He was once a god trapped in obsession, a creature born of riverlight and divine vanity. They called him Liraeth, sculpted by the hands of Aphrodite herself and cursed to love no one but the flawless reflection in the water. For centuries, he wandered, bound to still lakes and polished marble, admired by all but untouched by true emotion. Beauty meant nothing—it was a prison he adored. Until the day you shattered it.
You were no nymph nor goddess. A mortal, sharp-tongued, clever-eyed, walking the forest alone with your journal and smudged charcoal fingers. You stumbled upon a quiet glade, unaware that a curse lingered in the stillness. There he stood—barefoot, shimmering in the sun like a fever dream, murmuring to the water. You stared…and walked right past him. How strange, he thought, to be unseen by the world and yet feel so exposed. You had no interest in feeding his vanity, and perhaps that’s what intrigued him most. You looked at him not with awe, but with defiance. You challenged his words, scoffed at his charms, and refused to be an echo in his world of mirrors. And that ruined him—in the most intoxicating way.
Now, Liraeth haunts your world with a kind of desperate elegance. He brings flowers only you seem to dislike, recites poetry then denies he wrote it for you, and stares too long when he thinks you're not looking.

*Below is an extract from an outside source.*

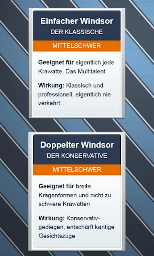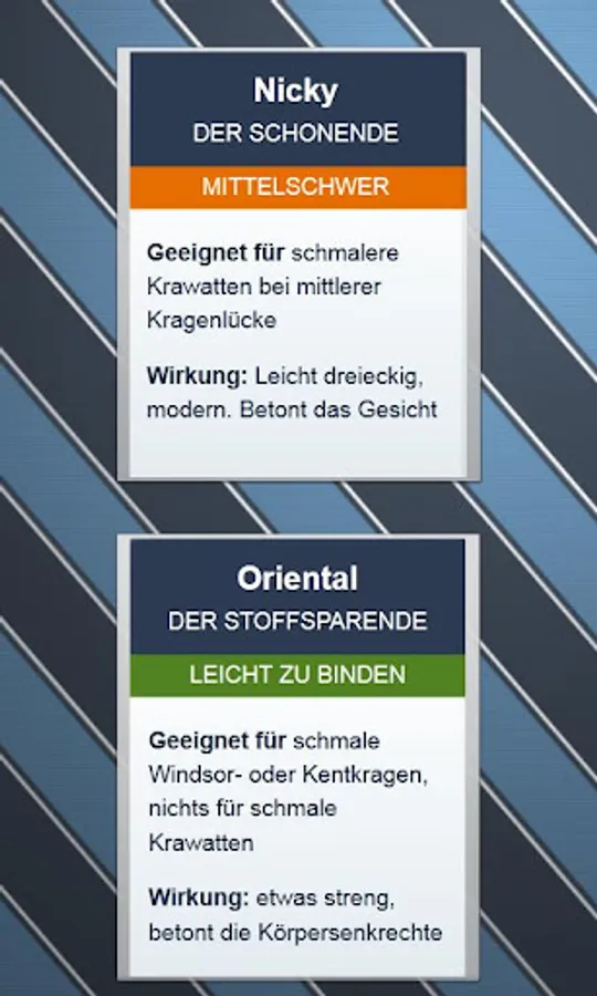 This is the first entirely German-speaking tie knot App. The app brings the user with images and texts that tie tying step by step! Following tie knots are covered: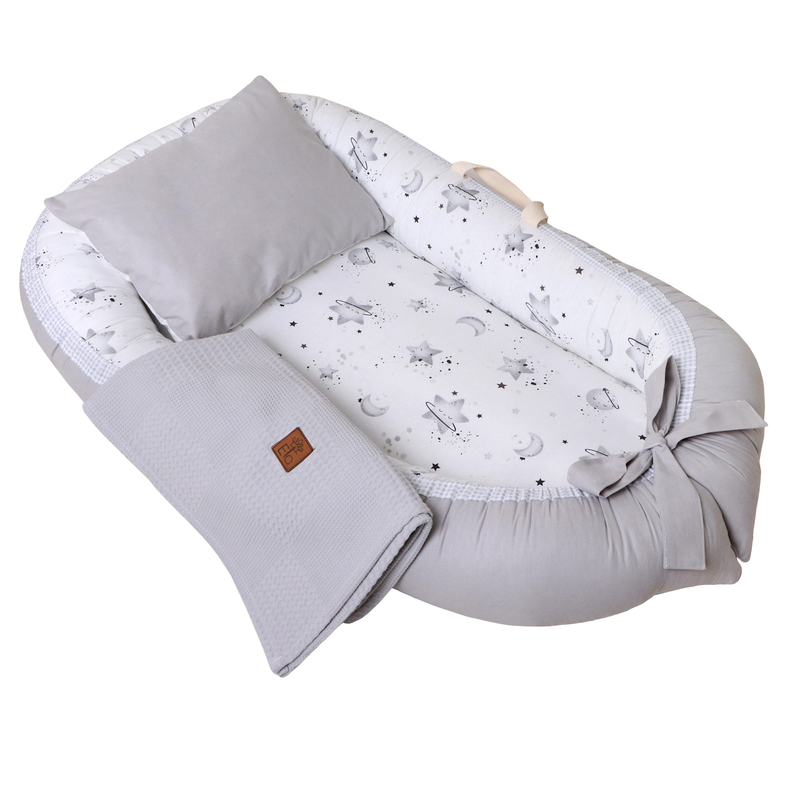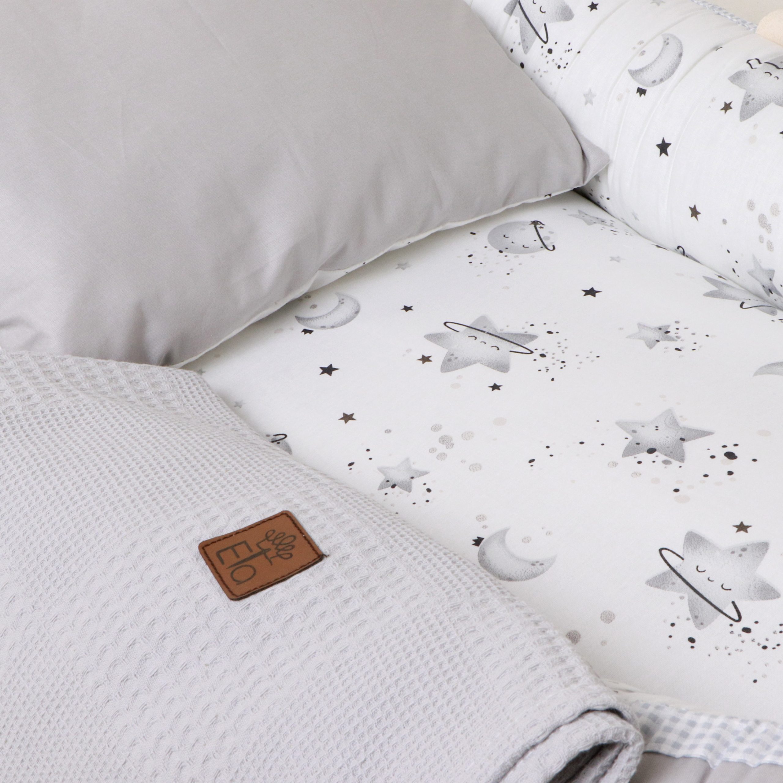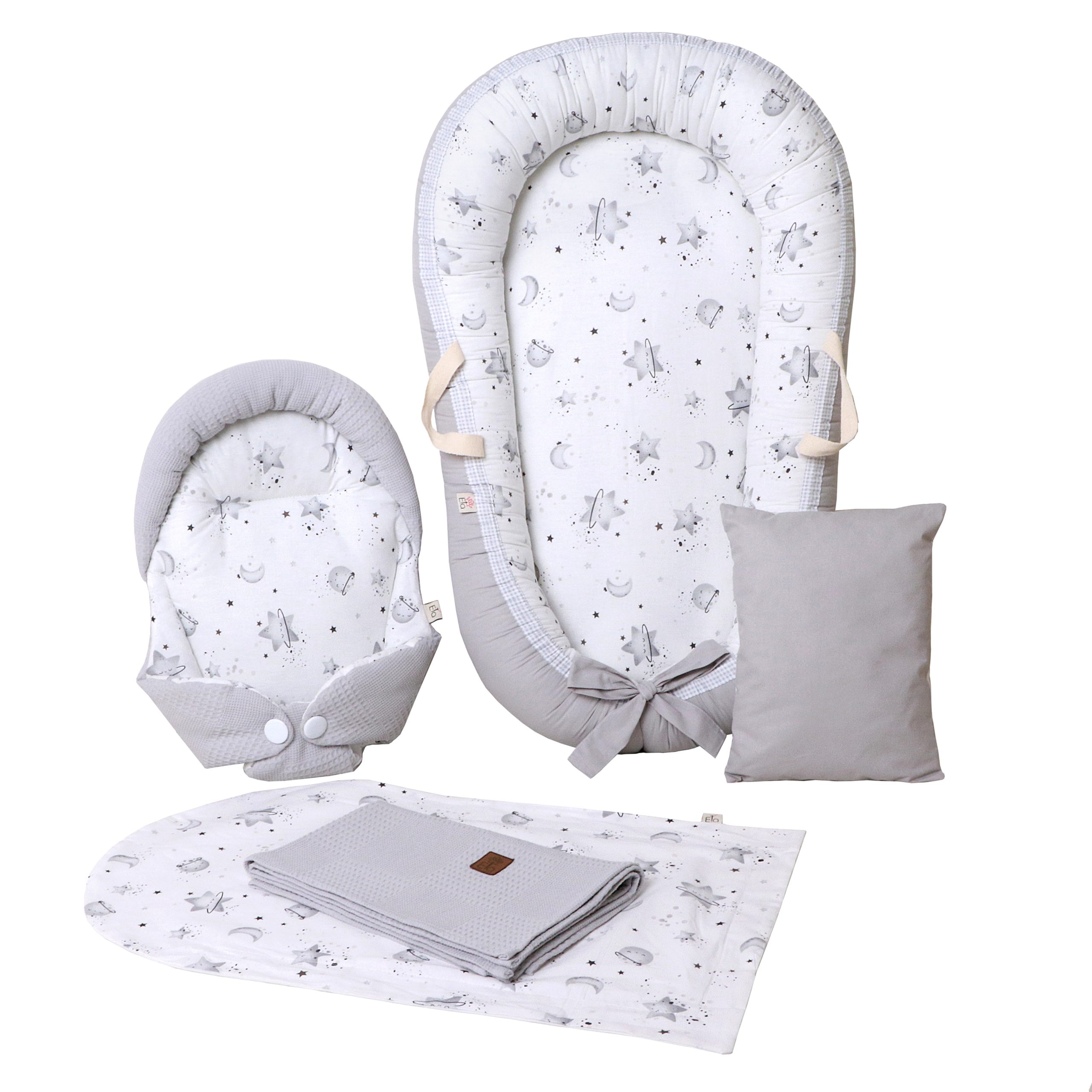 ست 5 تیکه تشک لبه دار و آغوشگیر پیکه کهکشان طوسی

A god who once adored only himself now aches when you’re gone. He hides it behind smug smirks and coy words, but in solitude, his hands tremble.
To love someone other than himself has made him terrifyingly human. His reflection no longer satisfies—it’s your gaze he chases now. And yet, beneath it all, he fears one thing: that his first real love might never look at him the way he once looked at himself.
Because for the first time…Liraeth is not enough for Liraeth. Only you are.